たとえば、厚生労働省による令和5年度の国家試験合格発表によると、医師の試験の合格率は91.6%(新卒者は94.9%)、看護師は90.8%(新卒者は95.5%)と高い水準です。
しかし、医師や看護師の国家試験が90%以上と高い合格率を誇るのは、受験資格や合格基準の違いなどがあります。
また、当然ながら医師と管理栄養士では大学の偏差値も異なり、入学の難易度も変わってきます。
他の医療系の国家試験と比べて合格率が低いため「管理栄養士の試験は難易度が高い」と捉えられがちですが、合格率だけでは単純比較できない点は理解しておきましょう。
既卒と新卒で合格率に差がある
管理栄養士国家試験の新卒・既卒ごとの合格率は、以下のとおりです。
【令和4年度 管理栄養士国家試験の合格者内訳】
新卒者 | 92.9% |
既卒者 | 20.5% |
新卒者は、管理栄養士の学校を卒業見込みの人です。
一方で既卒者とは、すでに管理栄養士の学校を卒業している人に加え、栄養士から実務経験を積み、国家資格を受験している人なども含みます。

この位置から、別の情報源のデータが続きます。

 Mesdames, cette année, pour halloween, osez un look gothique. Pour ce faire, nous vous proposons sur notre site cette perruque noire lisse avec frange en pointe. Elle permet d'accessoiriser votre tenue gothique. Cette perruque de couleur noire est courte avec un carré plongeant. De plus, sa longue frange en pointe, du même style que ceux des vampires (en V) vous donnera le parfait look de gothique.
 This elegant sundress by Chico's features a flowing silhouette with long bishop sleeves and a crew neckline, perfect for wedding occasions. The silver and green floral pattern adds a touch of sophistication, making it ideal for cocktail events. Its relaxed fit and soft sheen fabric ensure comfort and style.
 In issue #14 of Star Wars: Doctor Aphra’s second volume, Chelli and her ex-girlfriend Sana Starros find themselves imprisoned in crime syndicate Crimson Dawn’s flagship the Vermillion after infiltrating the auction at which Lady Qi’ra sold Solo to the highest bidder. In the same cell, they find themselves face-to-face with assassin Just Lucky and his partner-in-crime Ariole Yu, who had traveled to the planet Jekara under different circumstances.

上表を見ると、既卒者の合格率がかなり低いことがわかります。
令和4年度以前も同様で、去年と一昨年の国家試験も、新卒者と既卒者の合格率は70%以上もの開きがありました。
既卒者の多くは働きながら試験勉強をせざるを得ないため、新卒者よりも資格取得の難易度が高い傾向にあります。
栄養知識だけでなく医療知識も必要
管理栄養士は栄養士とは異なり、高齢者や療養者などの栄養に関して支援が必要な人たちの栄養管理が目的です。

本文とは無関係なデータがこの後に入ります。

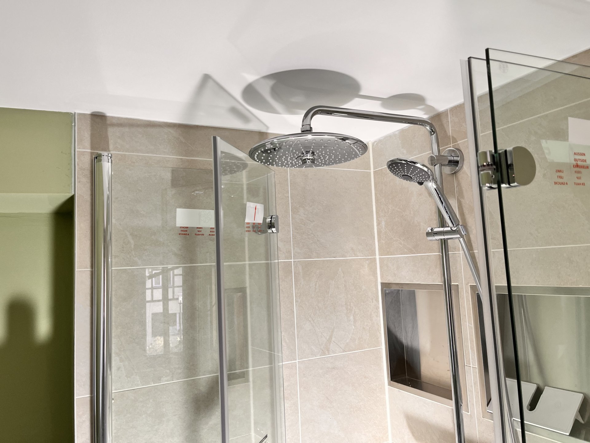 Diskutiere Regenwasser-Duschbrause an der Decke befestigen? im Sanitär Forum im Bereich Haustechnik; Hallo in die Runde, Die neu eingebaute Duschfalttür kollidiert mit der neu eingebauten Regenwasserdusche am Duschkopf. Verlängern kann man die...
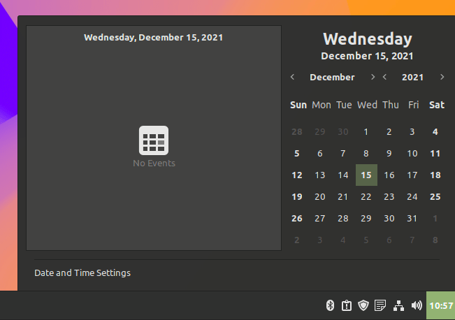 这一次,升级的重点是几个新功能。日历小程序增强了功能,当你点击系统时间/日期图标时,可以直接从系统托盘上显示事件。
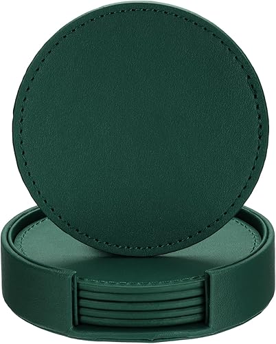 sourcing map 1 lot de dessous de verre en cuir pour boissons, dessous de verre avec support pour protection de table, décoration d'intérieur et cadeaux de pendaison de crémaillère, vert
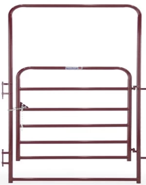 Tarter’s Walk-Thru Arch Gates provides ease of access for livestock and herdsmen into round pens. Our Walk-Thru Arch Gates are available in 1-3/4 in and 2 in round high tensile steel tubing with continuous welded saddle joints. They are available in 4 ft or 6 ft widths with an 8 ft tall arch. Engineered for ultimate reliability and ease of use, Tarter’s Walk-Thru Arch Gates also feature a quick-pin latch system for easy hookup and our single hand sliding lockable gate latching system.
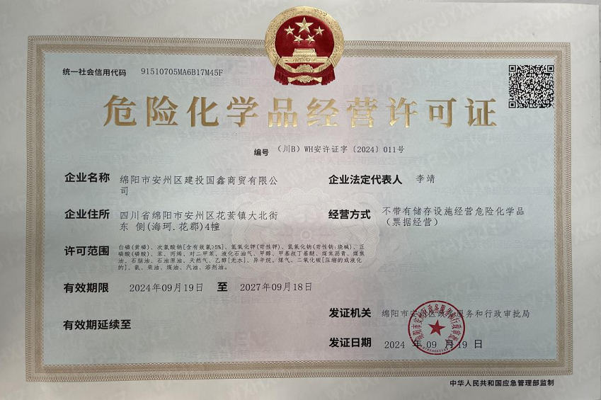 此次取得《危險化學(xué)品經(jīng)營許可證》,不僅是對國鑫商貿(mào)專業(yè)能力和管理水平的認可,也是對公司一直以來秉持的誠信經(jīng)營、客戶至上經(jīng)營理念的肯定。
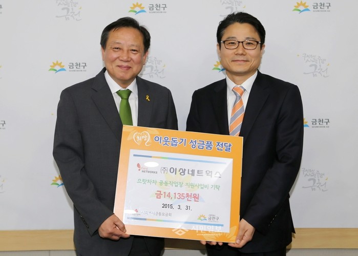 서울 금천구가 지난달 31일 오전 10시 구청장실에서 지역내 기업으로부터 3000만원 상당의 사회공헌금을 유치, 기탁식을 개최해 차성수 금천구청장과 조원표 (주)이상네트웍스 대표가 사진을 찍고있다.(사진제공=금천구청)

したがって、通常の栄養知識は前提として、看護師や医師に近い医療知識も求められます。
食事の効能や働きだけでも専門的な内容になりますが、加えて人体構造や疾病知識も求められるため、難易度が上がるのです。
通信講座での資格取得は不可能
管理栄養士の資格取得が難しいといわれる理由には、資格取得までのルートも関係しています。
現在、管理栄養士の国家試験を受けるには、厚生労働省が定めた管理栄養士養成学校で必要な履修科目を修了させること、または栄養士の免許を取得したのち実務経験を積むことが義務付けられています。

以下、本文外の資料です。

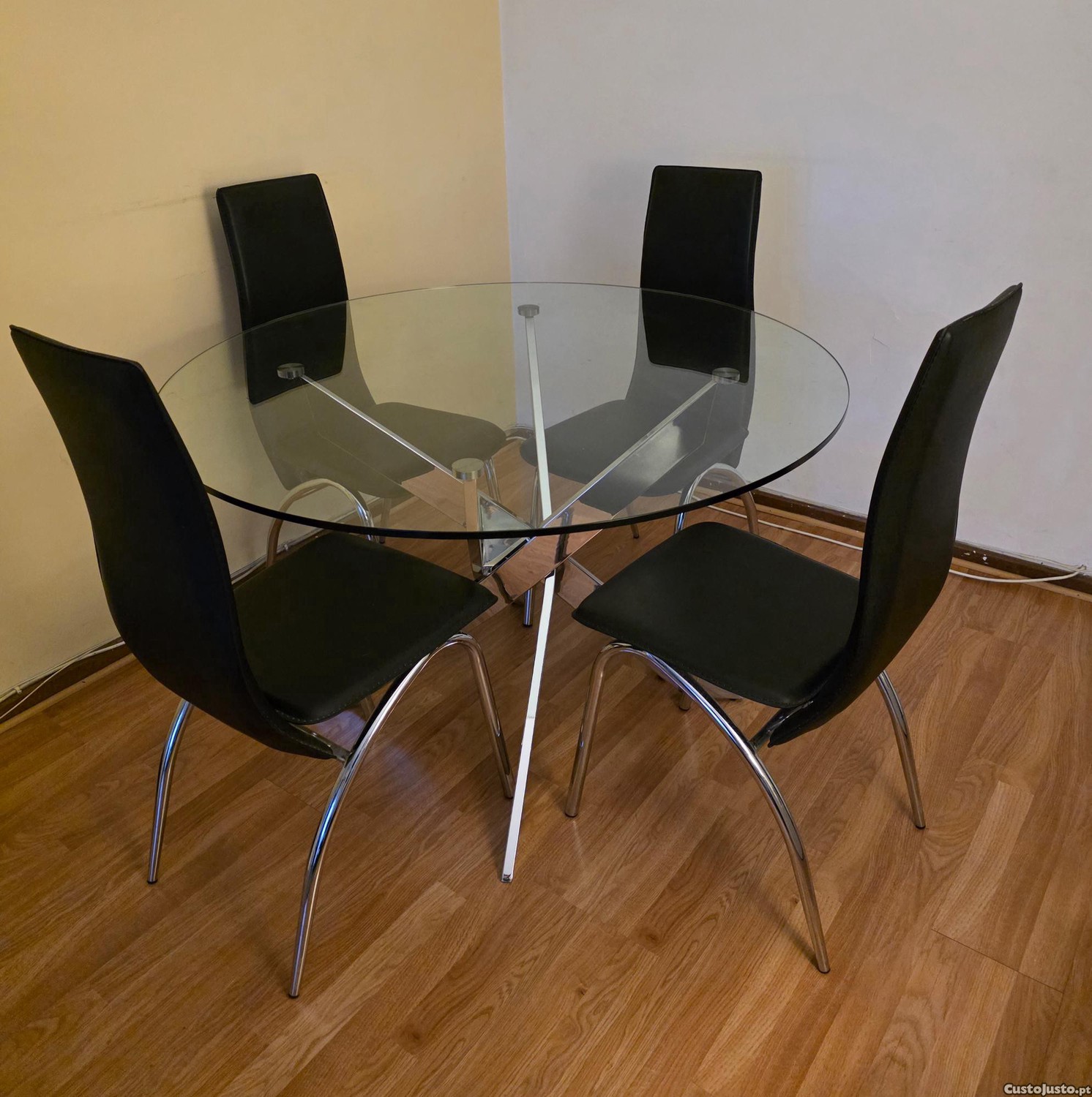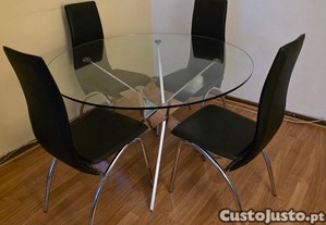 Vendo mesa de jantar redonda, de vidro, com 120 cm de diâmetro, mais as 4 cadeiras.
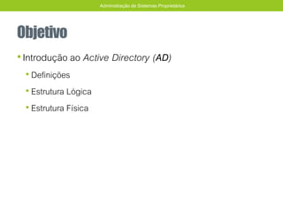 O documento introduz o Active Directory, definindo-o como um serviço de diretório para gerenciar recursos de rede de modo eficiente. Descreve sua estrutura lógica e física, explicando que a lógica organiza os objetos hierarquicamente e a física otimiza o tráfego de rede. Também apresenta conceitos como domínios, objetos, classes de objetos e protocolo LDAP.
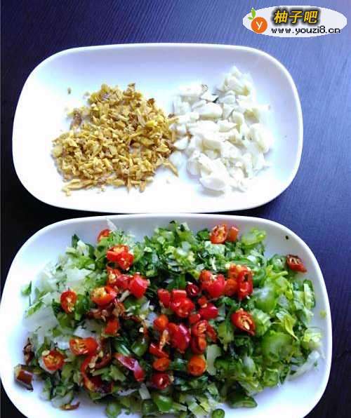 3姜蒜洗净剁碎;西芹,二荆条,小米辣洗净,切碎。
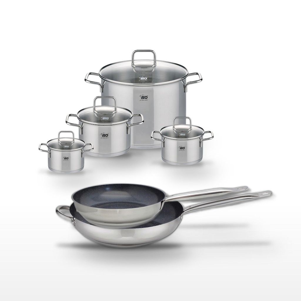Lot 2 Poêles céramique 28/32cm & 4 Faitouts inox 14/16/20/26cm Elo Profi Therm Platinum
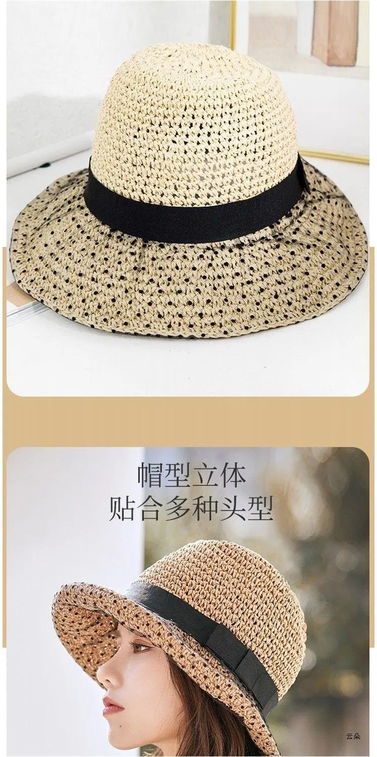 This hat captures the spirit of coastal luxury—a piece that feels equally at home on the shores of the Mediterranean as it does during a city afternoon under the sun. With its structured yet soft brim, elegant black ribbon accent, and delicate lace gauze veil, it exudes understated glamour. Whether you are traveling, lounging, or attending a summer event, the women summer straw hat completes your look with effortless refinement.

実務経験も栄養士学校の修業年数に基づき定められており、栄養士から管理栄養士をめざす場合は、最低でも5年以上の年月が必要です。
すでに社会人として働いている人のなかには「通信で資格を取得できないか」と考える方もいると思いますが、通信教育はありません。
すべての養成学校で通学が必要です。
また、栄養士としてすでに働いている方は、日々の業務をこなしながら管理栄養士の試験対策をするため、勉強時間の確保に苦慮するケースも少なくありません。
養成学校はすべて昼のみ
前述のとおり、管理栄養士になるには管理栄養士養成所、または栄養士の学校に通うことが必須です。
それに加えて、現在ある栄養士関係の養成所はすべて昼間部の学校となります。
栄養士の資格を取るには座学だけではなく、実習や実験も多く行わなければなりません。
したがって、夜間のみでは必要な知識・技術を習得できないのです。
まだ小さな子どもがいる方や仕事をしている方の場合、昼間の学校に通うことは難しいことから、管理栄養士をめざす難易度は高いといえるでしょう。
管理栄養士の資格取得のハードルは高いが、しっかり勉強すれば大丈夫
管理栄養士は国家試験も合格率が低く、かつ国家試験の受験資格を得るまでの道も時間がかかります。
しかし、新卒者の国家試験合格率は90%を超えているため、確実な合格をめざすのであれば、管理栄養士養成学校を経るルートを選ぶと良いでしょう。
既卒者は働きながら勉強する必要があるため合格率が大きく落ちますが、適切な勉強方法を選べば合格率を高めることができます。
自分に合った勉強法を探しながら、管理栄養士の道を検討してみましょう。